WHAT YOU NEED TO DO: When the line with "Циркулярная пила Denzel" appears below, start repeating lines exactly, and keep going through the line with "The scene is"; add nothing outside that span.

DATA FOR THIS TASK:
⁂
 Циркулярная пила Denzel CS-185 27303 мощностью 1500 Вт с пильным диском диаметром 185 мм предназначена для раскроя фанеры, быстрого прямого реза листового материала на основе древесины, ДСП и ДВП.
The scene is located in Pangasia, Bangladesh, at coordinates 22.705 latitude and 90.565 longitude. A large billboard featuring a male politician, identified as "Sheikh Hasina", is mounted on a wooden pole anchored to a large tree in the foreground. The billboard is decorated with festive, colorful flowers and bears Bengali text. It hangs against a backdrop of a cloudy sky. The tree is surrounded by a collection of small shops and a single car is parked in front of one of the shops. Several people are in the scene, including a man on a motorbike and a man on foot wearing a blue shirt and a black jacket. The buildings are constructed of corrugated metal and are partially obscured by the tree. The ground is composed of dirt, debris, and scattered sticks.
⁂
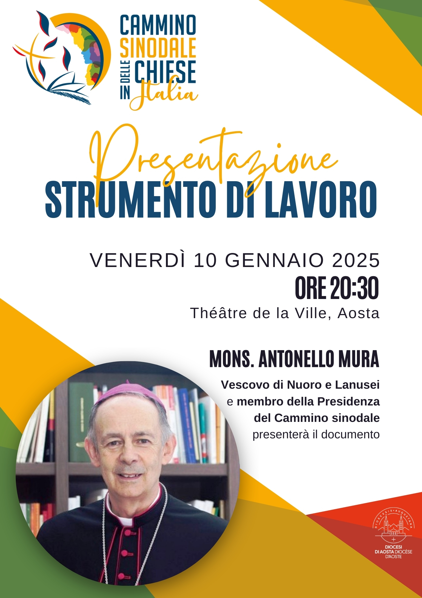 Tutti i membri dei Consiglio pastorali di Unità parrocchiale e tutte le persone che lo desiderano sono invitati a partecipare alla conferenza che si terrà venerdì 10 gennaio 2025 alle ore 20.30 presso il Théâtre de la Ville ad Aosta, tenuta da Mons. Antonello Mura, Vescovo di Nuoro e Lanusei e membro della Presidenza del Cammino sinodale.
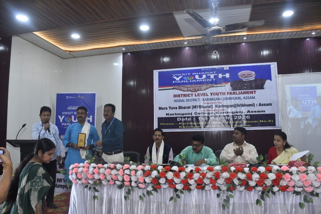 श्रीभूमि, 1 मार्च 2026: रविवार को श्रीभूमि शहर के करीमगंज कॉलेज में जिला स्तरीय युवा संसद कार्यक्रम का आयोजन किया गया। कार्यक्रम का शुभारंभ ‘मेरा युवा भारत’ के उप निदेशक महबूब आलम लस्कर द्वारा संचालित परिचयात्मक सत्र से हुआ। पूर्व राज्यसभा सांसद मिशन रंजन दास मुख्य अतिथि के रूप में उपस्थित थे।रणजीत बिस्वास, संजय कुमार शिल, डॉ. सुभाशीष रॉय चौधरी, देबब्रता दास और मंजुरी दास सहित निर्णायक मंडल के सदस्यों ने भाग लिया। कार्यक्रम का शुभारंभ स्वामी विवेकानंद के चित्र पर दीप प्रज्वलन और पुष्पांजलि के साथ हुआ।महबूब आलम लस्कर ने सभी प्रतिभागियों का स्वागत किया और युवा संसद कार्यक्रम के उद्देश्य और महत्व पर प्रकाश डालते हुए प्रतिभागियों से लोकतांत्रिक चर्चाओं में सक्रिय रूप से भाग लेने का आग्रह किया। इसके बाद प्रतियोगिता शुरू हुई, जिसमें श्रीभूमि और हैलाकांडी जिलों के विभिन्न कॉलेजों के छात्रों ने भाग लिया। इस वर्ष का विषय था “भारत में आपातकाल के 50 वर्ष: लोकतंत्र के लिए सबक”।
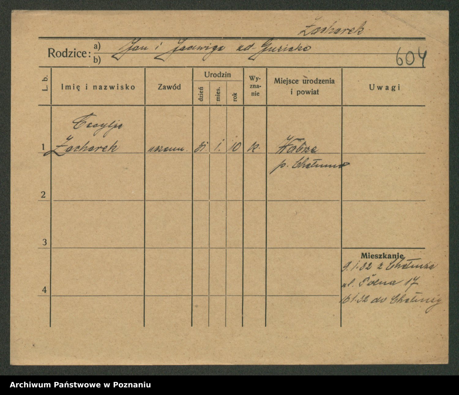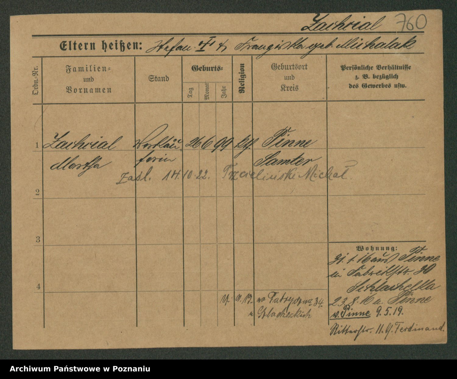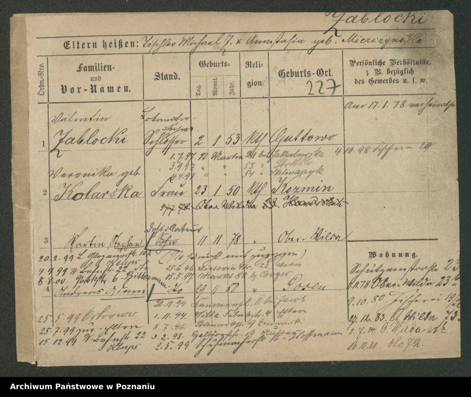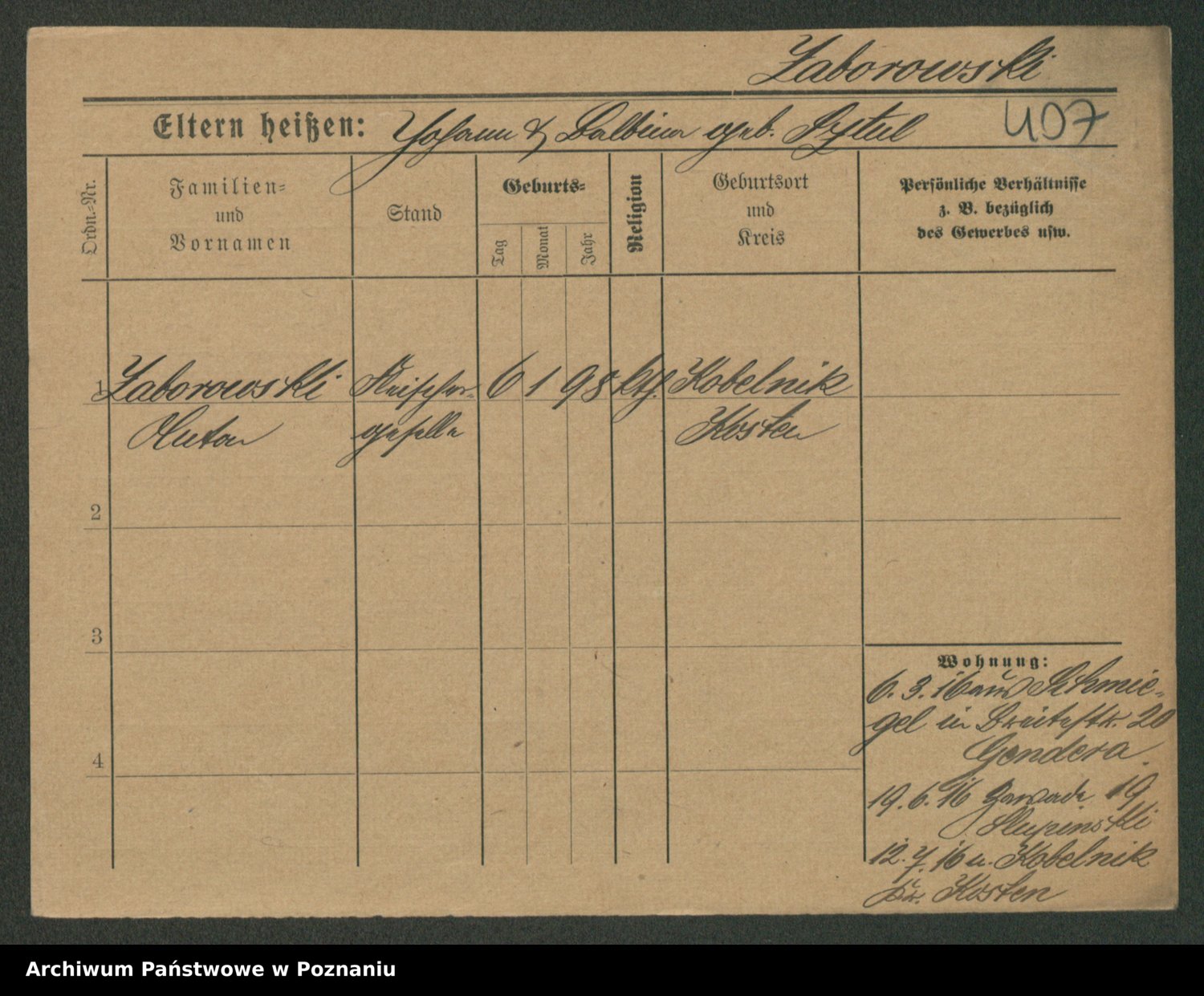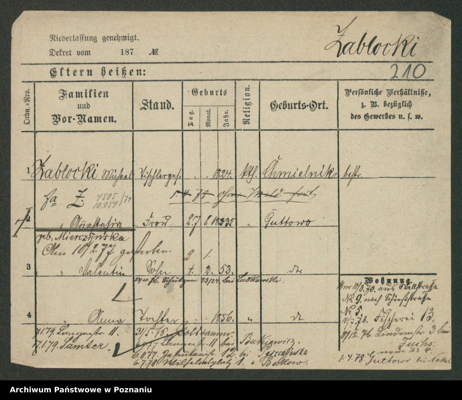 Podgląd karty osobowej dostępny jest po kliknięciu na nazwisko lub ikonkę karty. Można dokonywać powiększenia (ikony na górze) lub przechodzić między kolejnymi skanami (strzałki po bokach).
⁂
ANSWER SPACE:
 Циркулярная пила Denzel CS-185 27303 мощностью 1500 Вт с пильным диском диаметром 185 мм предназначена для раскроя фанеры, быстрого прямого реза листового материала на основе древесины, ДСП и ДВП.
The scene is located in Pangasia, Bangladesh, at coordinates 22.705 latitude and 90.565 longitude. A large billboard featuring a male politician, identified as "Sheikh Hasina", is mounted on a wooden pole anchored to a large tree in the foreground. The billboard is decorated with festive, colorful flowers and bears Bengali text. It hangs against a backdrop of a cloudy sky. The tree is surrounded by a collection of small shops and a single car is parked in front of one of the shops. Several people are in the scene, including a man on a motorbike and a man on foot wearing a blue shirt and a black jacket. The buildings are constructed of corrugated metal and are partially obscured by the tree. The ground is composed of dirt, debris, and scattered sticks.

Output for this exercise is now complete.